Trump ve ABD Başkanlık Seçimleri..
ABD Başkanı Trump Kasım 2020’deki Başkanlık seçimlerine yaklaştığı şu günlerde oldukça sıkıntılı bir süreçten geçiyor. Koronavirüs’e karşı yeterli tedbirleri zamanında almadığı için eleştirilen ABD Başkanı, geçtiğimiz hafta #GeorgeFloyd‘un bir polis tarafından öldürülmesi nedeniyle tüm ülkeyi saran protestolar ile başkanlığı döneminde belki de hiç olmadığı kadar zor bir viraja girmiş gözüküyor.

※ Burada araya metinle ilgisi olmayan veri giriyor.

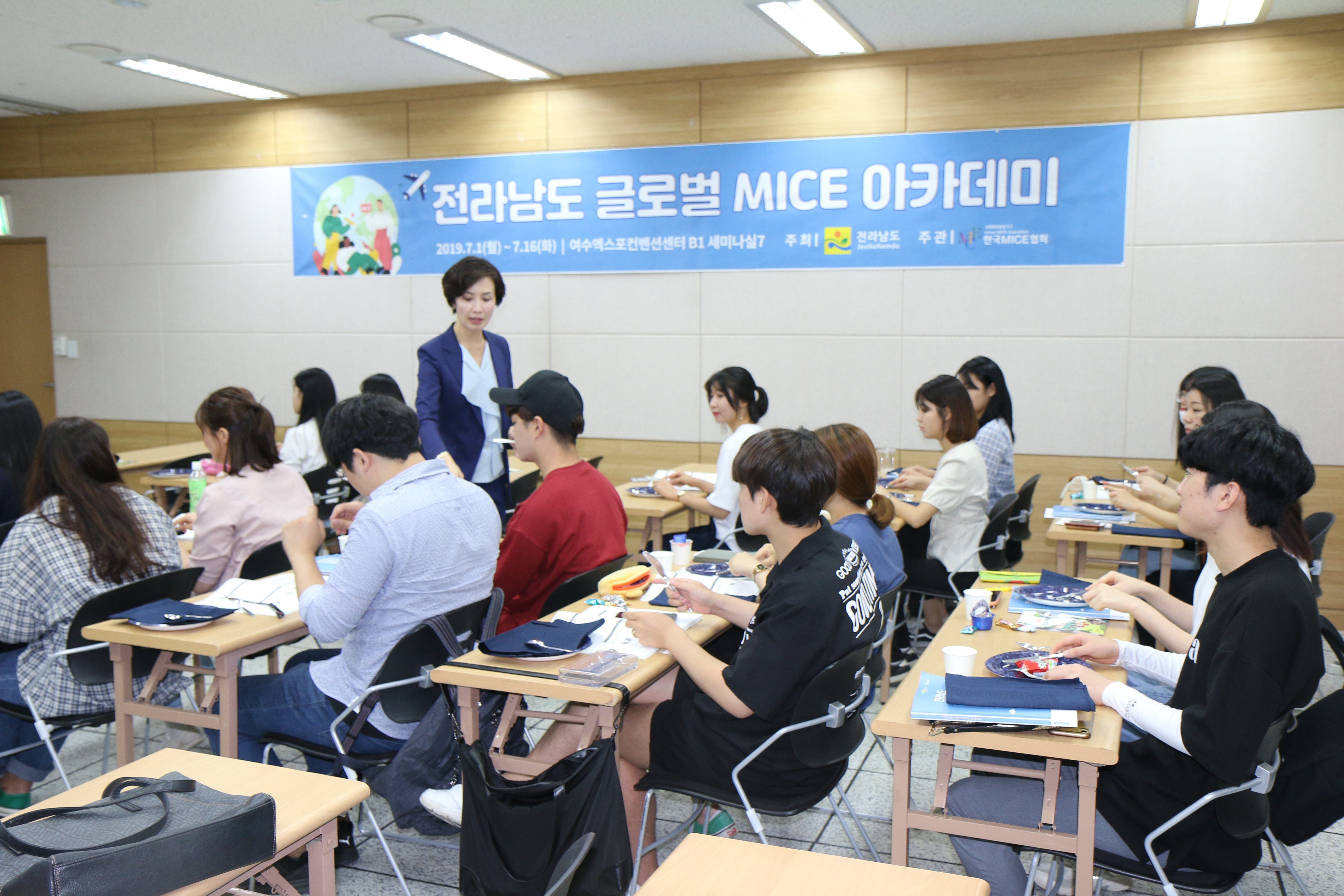 MariaK Global은 2019년 7월 2일(화) MICE업계 진출을 희망하는 대학생(재학생, 휴학생) 및 취업준비생 50여명을 대상으로 여수엑스포컨벤션센터에서 한국MICE협회의 ‘2019 전라남도 글로벌 MICE 아카데미’를 진행 했습니다.
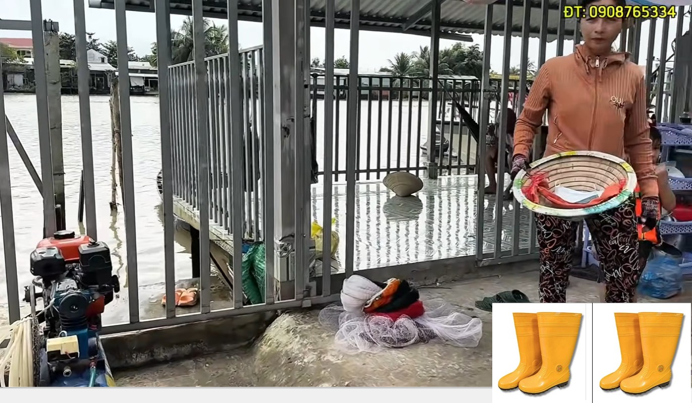 Vợ Điệp mang ủng bị chật chân, nên thay đôi ủng mới
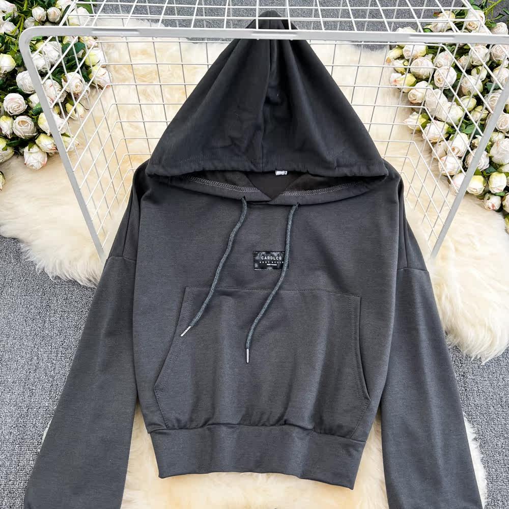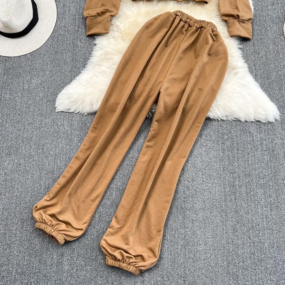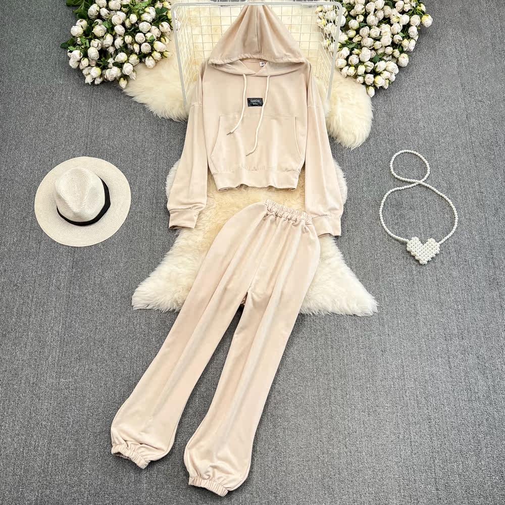 Ретро комплект для отдыха, короткая приталенная толстовка с капюшоном, осенние штаны, высокая талия

Gelişmekte Olan Ekonomiler..
Majör merkez bankalarının sağladığı likidite bolluğuna ek olarak tarihi düşük seviyelerdeki faiz politikalarına şahit olduğumuz bu günlerde hükümetler kademeli olarak ekonomilerini tekrar aktif hale getirebilmek için çalışmalarını hızlandırıyorlar.
2020 yılının ilk çeyreğindeki yaşanan salgın kırılgan ekonomilere sahip birçok gelişmekte olan ekonomiyi sarstı ve birçoğunu yılın ikinci çeyreğinde de sarsmaya devam edecek. Özellikle yılın ikinci yarısıyla beraber piyasalara pompalanmayı bekleyen likidite bolluğunun artacak olan risk iştahıyla Türkiye gibi gelişmekte olan ekonomilere akması muhtemel olacaktır ki bu ülke ekonomimiz için büyük bir potansiyel olarak karşımızda duruyor. Tabi bu süreçte Türkiye’nin uygulayacağı iç politikalar ve uluslararası arenadaki ilişkileri sıcak paranın ülkeye girişi noktasında hayati önem taşıyacak.
Yılın ikinci çeyreğinden itibaren sıcak para bir şekilde dünyaya yayılacak fakat bu defa hangi ülkelere yöneleceği noktasında ekstra seçici olacaktır. Maliyetsiz (yatırımcı çekerek) ya da düşük maliyetli likiditeye (serbest piyasa ekonomisi & güvenilirlik sağlamak ile) ulaşma ihtimali gelişmekte olan ülkelerin uyguladıkları iç ve dış politikalarına yakından bağlı olacak.